A Quick Guide to Trade Marks

Intellectual property is a key asset of a business and thus protecting your brand and trademarks is vital.

Why register a Trade Mark?

Registering your trade mark gives you the exclusive right to use that mark for the goods or services for which it is registered.

Protecting your trade mark via a registration is important to protect your brand’s name and/or logo, and the goodwill and reputation associated it. This will also help to distinguish and strengthen your brand from your competitors.

Moreover, a successful registration provides you with statutory protection which gives you clear rights to enforce in the event of a third-party infringing upon your brand. A registration can also sometimes act as a deterrent from others attempting to use your mark or create similar branding.

In the absence of a registration, an unregistered trade mark may only be protected under the common law of passing off. Unlike the statutory protection afforded by a trade mark registration, under the law of passing off it is necessary to actually prove that the trade mark has a reputation with associated “good will“, and that there has been confusion with consumers. This can be difficult and expensive to prove.

As the UK operates a “first to file” system for registered trade marks it is therefore important to apply for your trade mark at the earliest opportunity. 

At Spire we can provide you with advice, file an application to register your trade mark on your behalf and guide you at each stage of the process.

Selling your Business?

Since a registered trade mark provides you with strong brand recognition, this can be valuable if you are considering selling your business.

By registering your brand’s name and/or logo this can assist in strengthening your asset portfolio to potential buyers.

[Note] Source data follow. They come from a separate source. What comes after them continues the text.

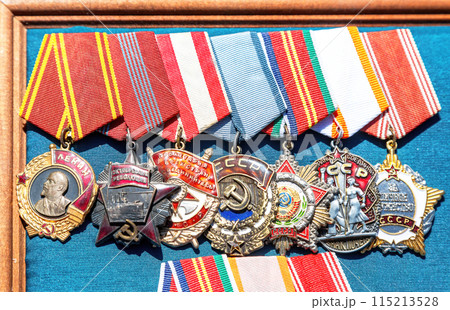Different vintage orders of former Soviet Union. Various Soviet military and civil awards
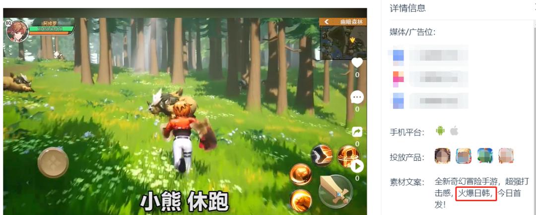 如今某日活破6亿的短视频平台已成为该游戏的买量主阵地,后者的操作手法愈发娴熟,一方面借助效果型达人营销扩大用户覆盖范围,另一方面释出多个马甲包进一步降低获客成本,它们均使用类似素材进行大力推广——广告文案经常提到「开放世界」「火爆日韩」等字眼,来吸引用户下载。官方在这点上却也没有忽悠人,游戏本体确实在韩国等市场表现优异,是2022年上半年韩国地区收入榜名列前茅的中国手游之一。
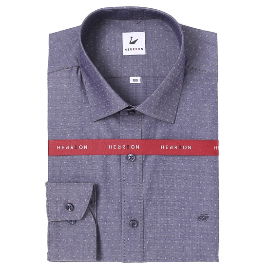 -면혼방 소재의 도트무늬의 슬림핏셔츠 .
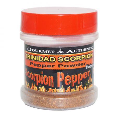 Trinidad Scorpion Pepper Powder - 1/2oz in a plastic Jar with sifter lid. The original Trinidad Scorpion pepper with an AMAZING Hot flavor that will kick your tongue. In 2011 Guinness book of world records confirmed the Trinidad Scorpion Pepper is the hottest chili pepper in the world! WOW IT'S SO HOOOOT!!!
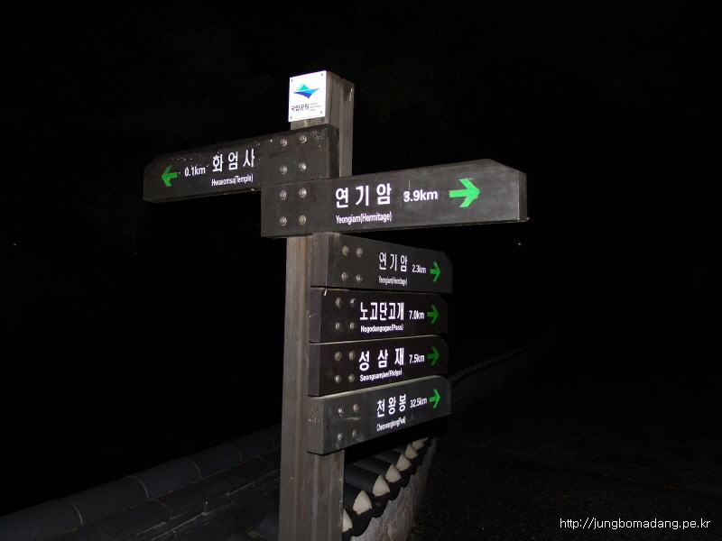 04:21 다리를 지나자 마자 좌측으로 오늘의 일정의 시작을 알리는 이정표가 보입니다. 노고단 고개까지 7Km, 천왕봉까지 32.5Km 와우~... 일단 노고단고개까지 4시간 예상해봅니다.
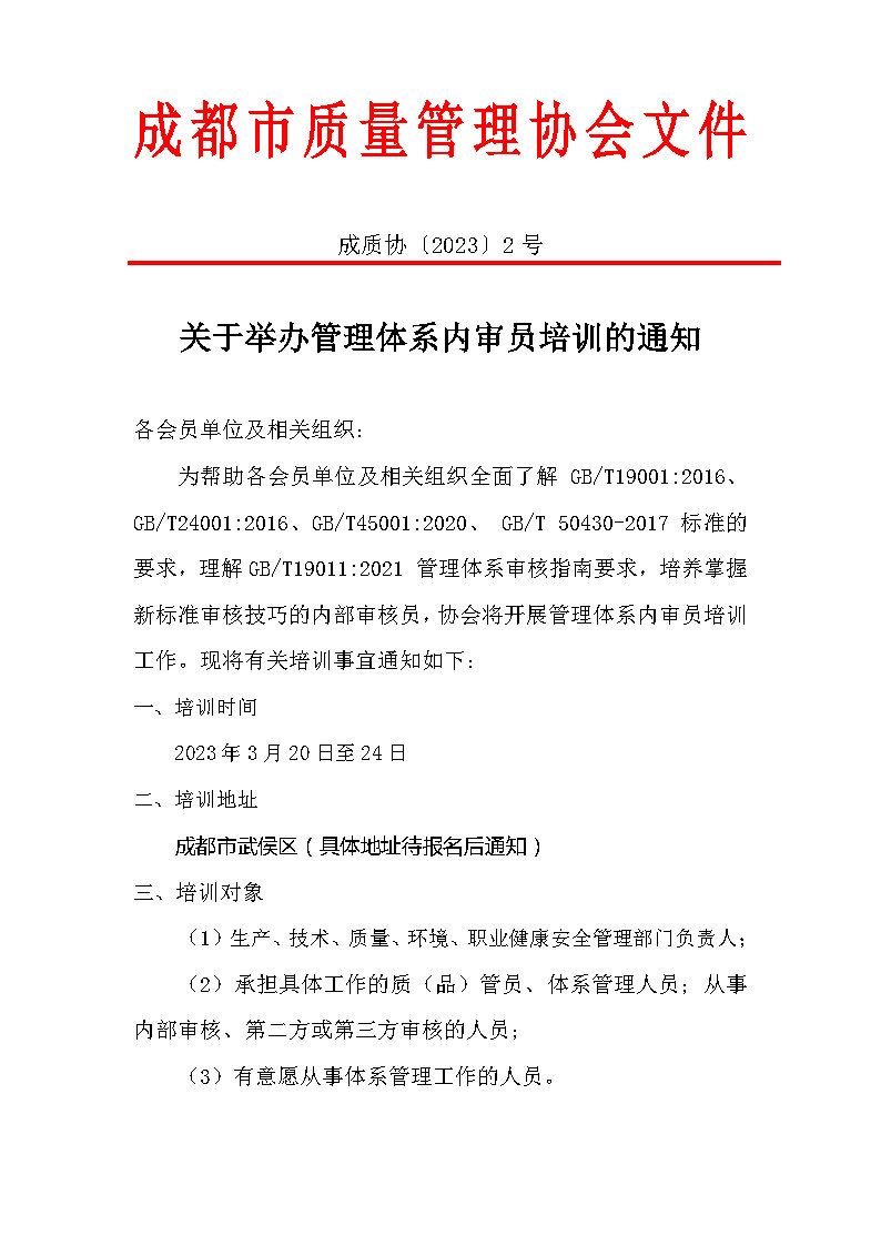 为帮助各会员单位及相关组织全面了解GB/T19001:2016、GB/T24001:2016、GB/T45001:2020、 GB/T 50430-2017标准的要求,理解GB/T19011:2021 管理体系审核指南要求,培养掌握新标准审核技巧的内部审核员,协会将开展管理体系内审员培训工作。现将有关培训事宜通知如下:
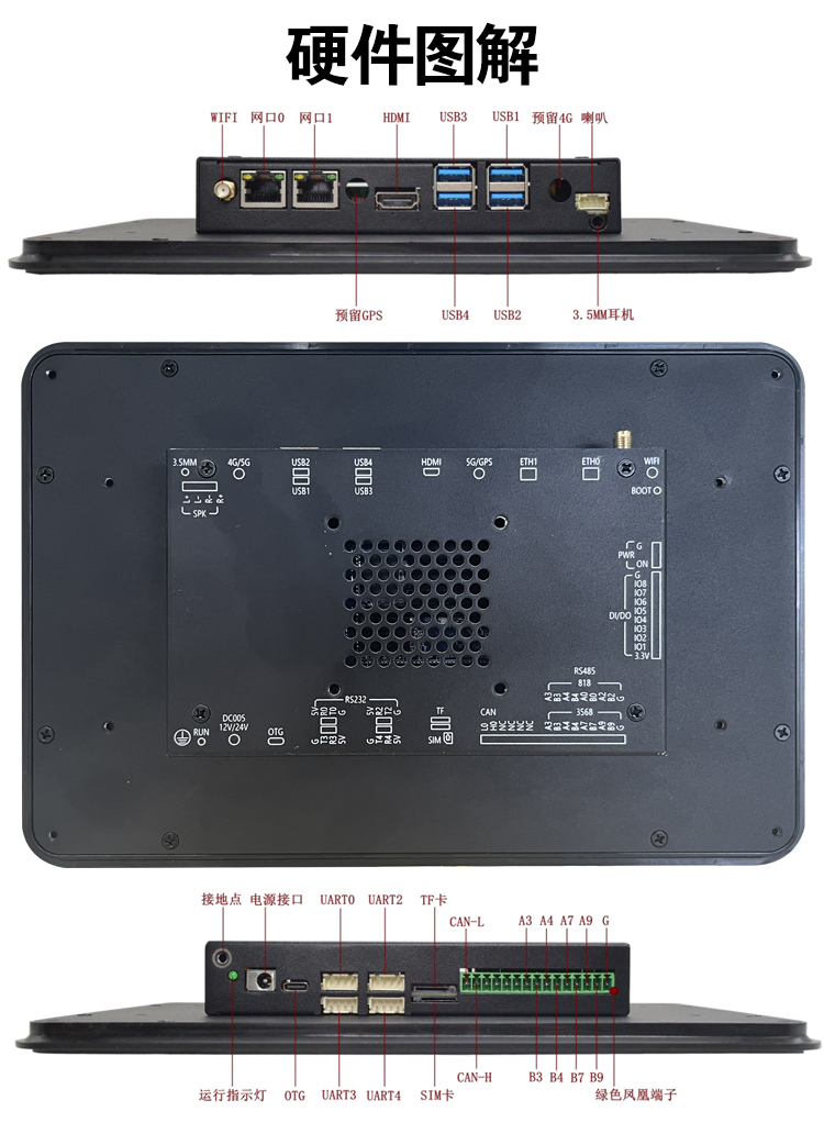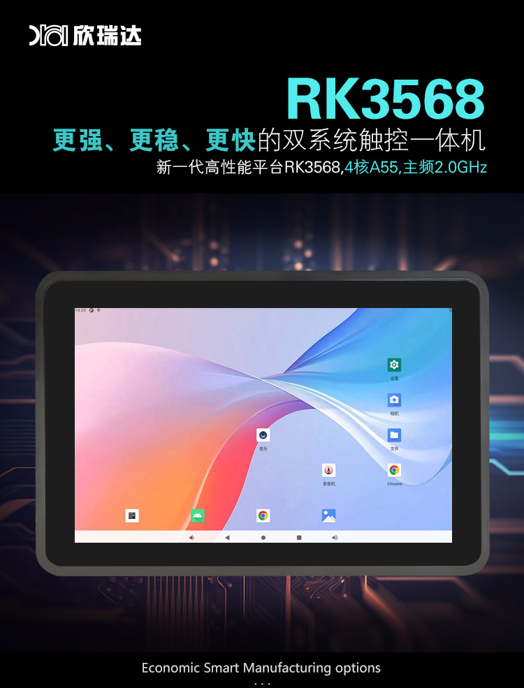 特点描述:XA101GHM15W(B)系列,是欣瑞达基于ARM 4核A55架构自主研发设计的一款工业安卓智能触控显示终端,由底板、LCD显示屏及触摸屏组成。 搭载瑞芯微RK3568四核处理器,安卓V11操作系统,支持自主设计APK程序安装;全新丽色显示系统,支持自主调节冷暖色调;支持4K视频播放, 支持1080P视频通话、200万双摄; 接口资源丰富, 用户可通过 RS232、RS485、CAN等串口端口与外部设备进行通信;也可以通过WIFI/4G/以太网联网、浏览网页、播放音乐、播放视频、远程升级更新等。

You can even decide what you want to sell or retain as part of the overall business sale and at Spire we can help you consider what to register in the context of your wider intellectual property considerations and business strategy as well as file an application to register your trade mark on your behalf.

Licencing your trade mark

If you wish to retain ownership of some or all or your trade marks but would like to permit use to a third party, you can simply licence your trade mark to that party, via a trade mark licencing agreement. Such an agreement can assist you in setting out the parameters of the terms on which you wish the other party to use the trade mark, for how long and the fees you wish to charge the other party.

Sponsorship Agreements

If you wish to provide sponsorship, such as for an event using your company name and/or trade mark, you will retain ownership but can restrict the use via a sponsorship agreement in order to retain protection over your brand and your business reputation.